In recent years for instance, a multinational industrials business paid the US Securities and Exchange Commission and Department of Justice millions of dollars in fines to settle FCPA offenses relating to the payment of bribes by its intermediaries to officials in various jurisdictions over a period of several years. There had been allegations of wrong-doing by the intermediaries in the public domain years before the company was investigated, which ongoing monitoring would have identified a lot sooner and allowed the company to cease – or more tightly control – its relationship prior to the damage being inflicted on the company itself.
4. Does your organisation have central oversight over the TPDD approach?

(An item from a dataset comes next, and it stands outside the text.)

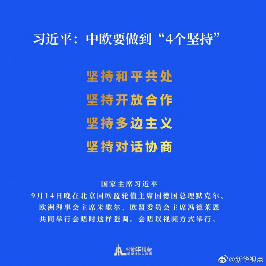 習近平強調,新冠肺炎疫情大流行使百年未有之大變局加速演進,人類站在新的十字路口。中歐要堅定不移推動全面戰略伙伴關系健康穩定發展,做到“4個堅持”:堅持和平共處,堅持開放合作,堅持多邊主義,堅持對話協商。
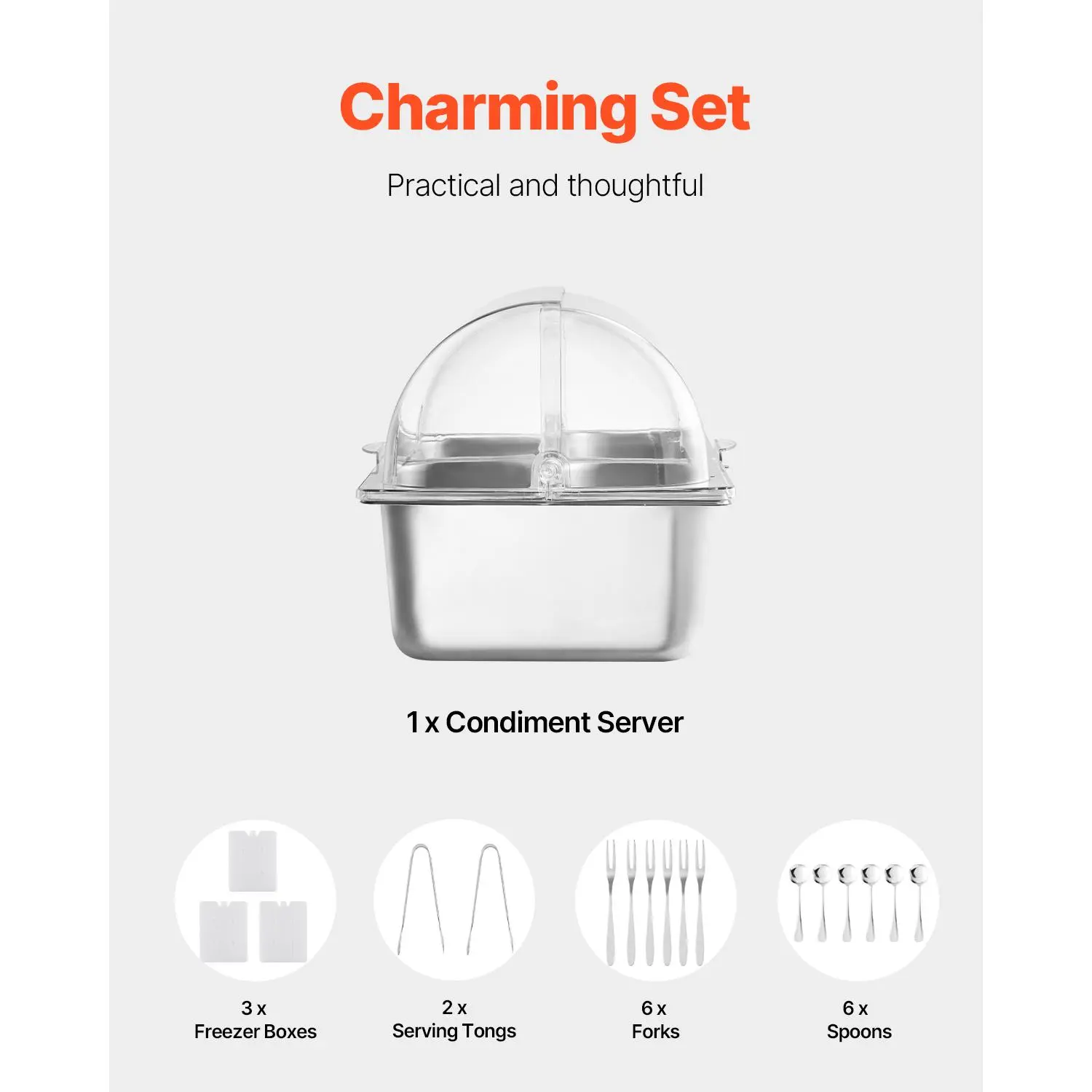 ·Elegant & Practical Set: Our buffet condiment dispenser display rack includes 3 freezer boxes, 2 stainless steel tongs, 6 304 stainless steel fruit forks, 6 304 stainless steel spoons, and 5 silicone mats. It provides practicality and elegance, making dining experiences more convenient and stylish

Is there sufficient SME specialism to deal with the outputs of any TPDD activities? While some organisations closely control and manage TPDD activities centrally, others devolve responsibility to their regional businesses. In our experience, while regional teams can add invaluable jurisdictional insight into the TPDD process (for example in terms of which individuals should be included and the risk profile and areas of focus of certain local third parties), some level of central oversight is vital to ensure consistency across the process and to avoid the temptation for certain local business to perform less meaningful due diligence activities to ensure revenue generating activities are not “undermined”. This does not mean a single standard methodology should be employed across the world – indeed it is vital that for higher risk third parties TPDD is done using meaningful local data sources and by individuals who understand jurisdictional nuances - but where different approaches are taken across regions this should be a deliberate approach.
A centralised ownership approach to TPDD also allows for consistency and accountability in any required remediation activities, for example in responding to TPDD that identifies allegations of corruption or other risks. In turn, it is essential that those dealing with such issues have adequate understanding of the applicable regulatory frameworks to ensure that these items are dealt with adequately.
5. Have you defined your red lines from a risk perspective?
Another important component of a successful TPDD approach is understanding your organisation's risk appetite, defining deal killers and having a clear process in place to deal with the results of the due diligence risk assessments as well as any noncompliant third parties. It is key that action is taken where required to minimise exposure to risk, not least because, should something go wrong, being aware of specific risks and not acting on these will not be viewed positively by any regulators.
6. Are you using technology to enhance the value, efficiency and costeffectiveness of TPDD activities?
In addition to the abovementioned developments on automated ongoing monitoring, we have seen many clients’ ability to successfully manage TPDD and TPRM enhanced by tech-enabled TPRM platforms that automate actions (such as populating questionnaires; risk segmentation activities; remediation activities), ensuring that key risks are not missed; allowing your internal specialists to avoid admin tasks and focus on what is important; and also helping with the central oversight point set out above. There are now a number of different tools that can be configured specifically to your organisations needs which many companies operating in emerging markets are now utilising to their benefit.